» DATA SHOWN
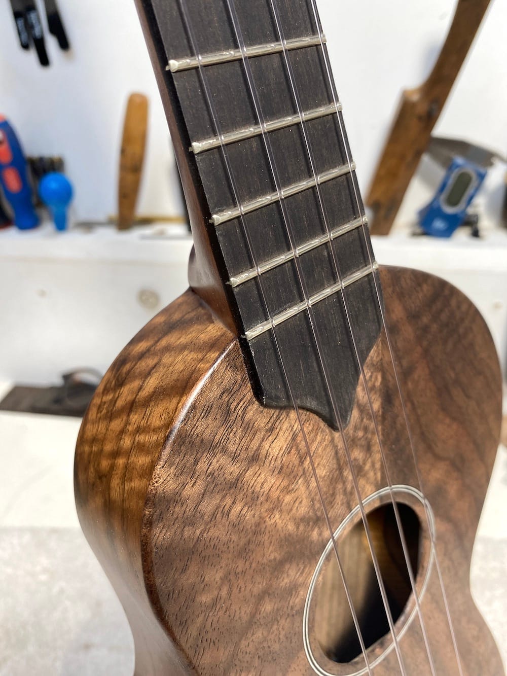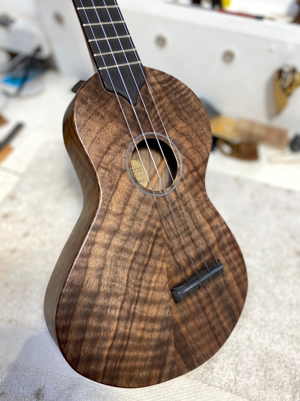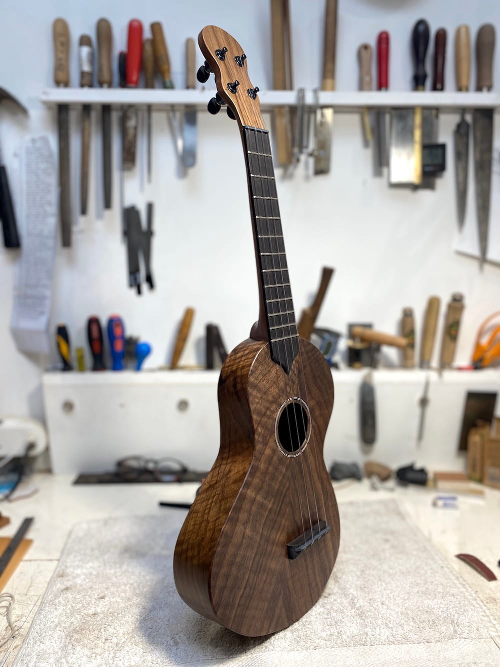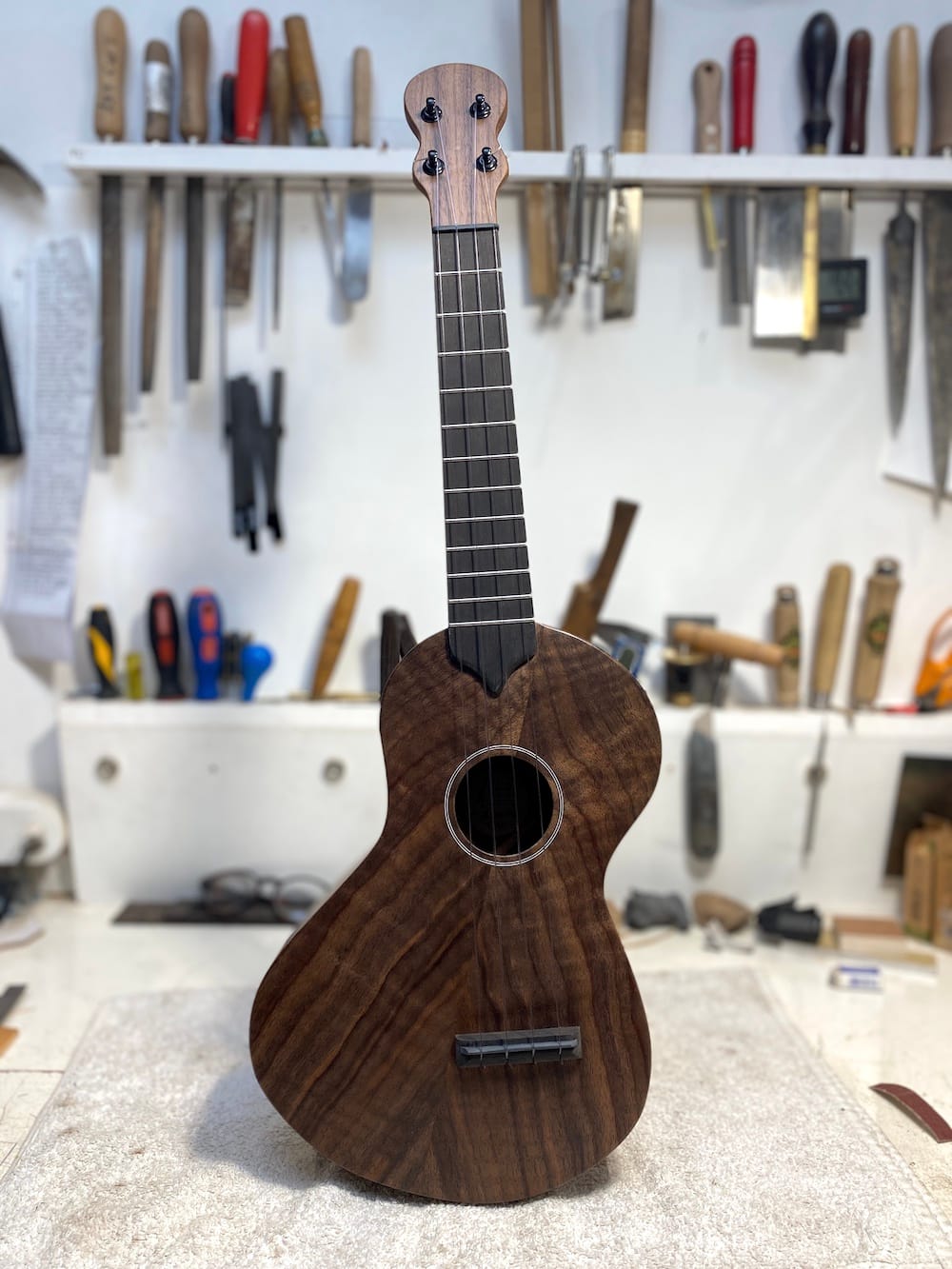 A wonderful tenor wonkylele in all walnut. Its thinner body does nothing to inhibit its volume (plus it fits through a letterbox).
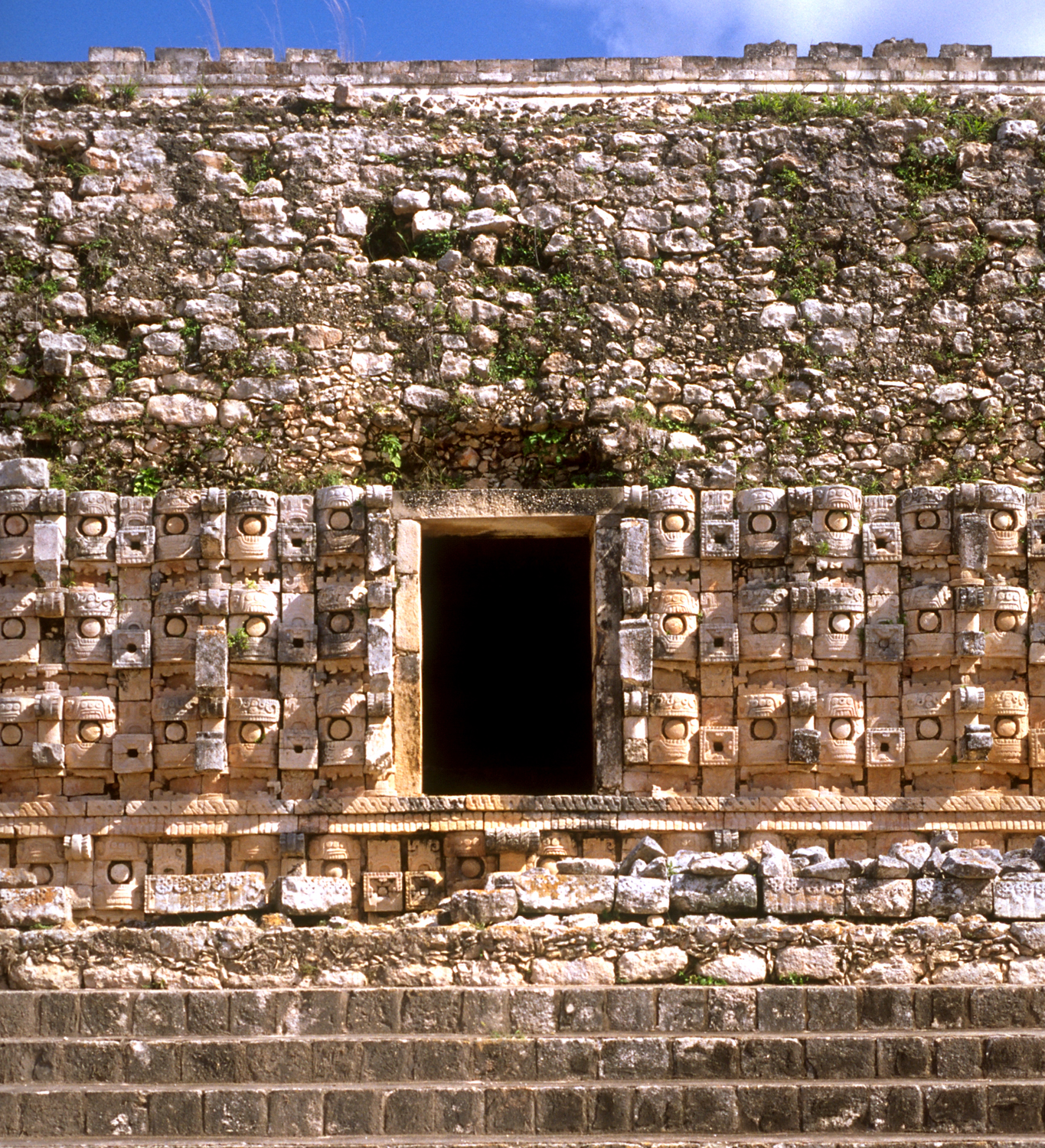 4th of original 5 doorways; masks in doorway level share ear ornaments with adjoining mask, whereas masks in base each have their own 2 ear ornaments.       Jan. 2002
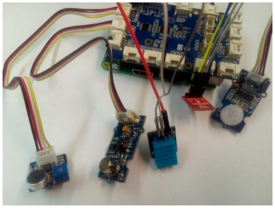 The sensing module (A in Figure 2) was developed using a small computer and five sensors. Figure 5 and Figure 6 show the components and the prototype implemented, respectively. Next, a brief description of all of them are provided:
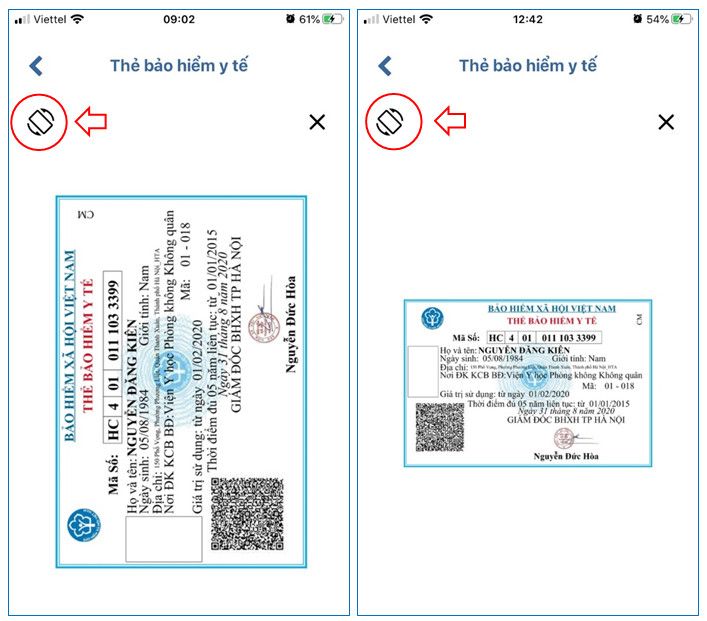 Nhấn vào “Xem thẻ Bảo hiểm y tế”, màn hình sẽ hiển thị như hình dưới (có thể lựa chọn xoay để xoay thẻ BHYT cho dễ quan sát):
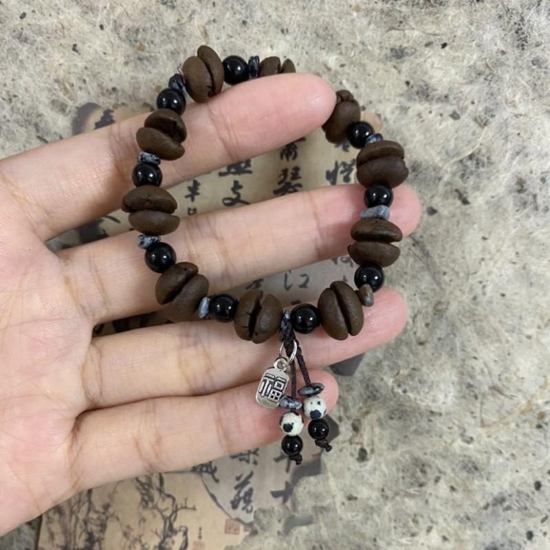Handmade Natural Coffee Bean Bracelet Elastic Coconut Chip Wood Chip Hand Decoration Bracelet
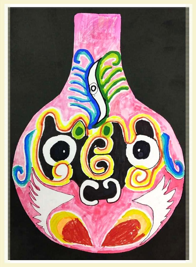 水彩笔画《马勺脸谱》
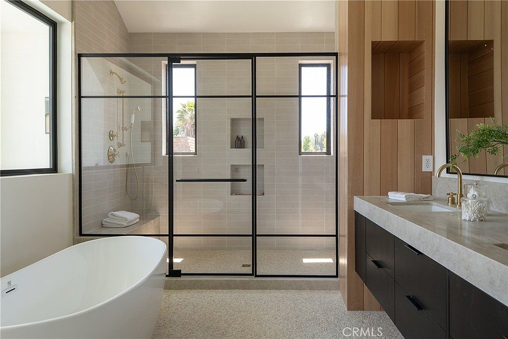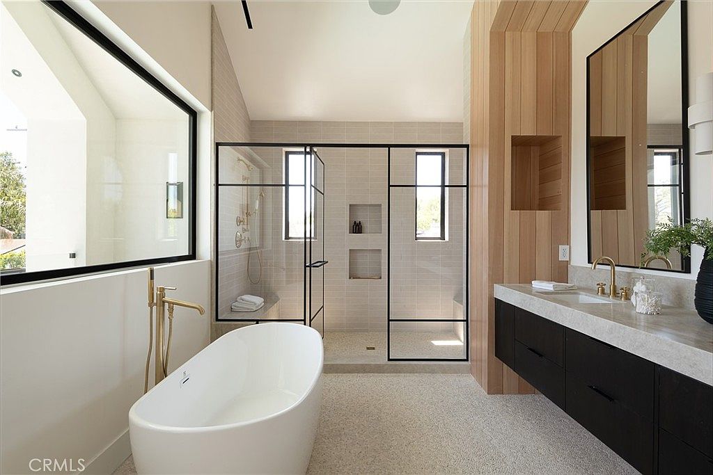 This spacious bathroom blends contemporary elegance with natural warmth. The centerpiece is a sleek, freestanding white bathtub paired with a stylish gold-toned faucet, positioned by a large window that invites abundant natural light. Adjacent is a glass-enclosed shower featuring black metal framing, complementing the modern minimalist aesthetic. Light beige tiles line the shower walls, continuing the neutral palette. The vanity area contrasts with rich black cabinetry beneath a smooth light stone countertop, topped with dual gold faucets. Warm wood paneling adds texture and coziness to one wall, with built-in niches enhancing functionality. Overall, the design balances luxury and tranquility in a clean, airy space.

» PROBLEM DETAILS
Please print all the entries exactly as written, but drop the pictures.

» PROBLEM SOLUTION
 A wonderful tenor wonkylele in all walnut. Its thinner body does nothing to inhibit its volume (plus it fits through a letterbox).
 4th of original 5 doorways; masks in doorway level share ear ornaments with adjoining mask, whereas masks in base each have their own 2 ear ornaments.       Jan. 2002
 The sensing module (A in Figure 2) was developed using a small computer and five sensors. Figure 5 and Figure 6 show the components and the prototype implemented, respectively. Next, a brief description of all of them are provided:
 Nhấn vào “Xem thẻ Bảo hiểm y tế”, màn hình sẽ hiển thị như hình dưới (có thể lựa chọn xoay để xoay thẻ BHYT cho dễ quan sát):
Handmade Natural Coffee Bean Bracelet Elastic Coconut Chip Wood Chip Hand Decoration Bracelet
 水彩笔画《马勺脸谱》
 This spacious bathroom blends contemporary elegance with natural warmth. The centerpiece is a sleek, freestanding white bathtub paired with a stylish gold-toned faucet, positioned by a large window that invites abundant natural light. Adjacent is a glass-enclosed shower featuring black metal framing, complementing the modern minimalist aesthetic. Light beige tiles line the shower walls, continuing the neutral palette. The vanity area contrasts with rich black cabinetry beneath a smooth light stone countertop, topped with dual gold faucets. Warm wood paneling adds texture and coziness to one wall, with built-in niches enhancing functionality. Overall, the design balances luxury and tranquility in a clean, airy space.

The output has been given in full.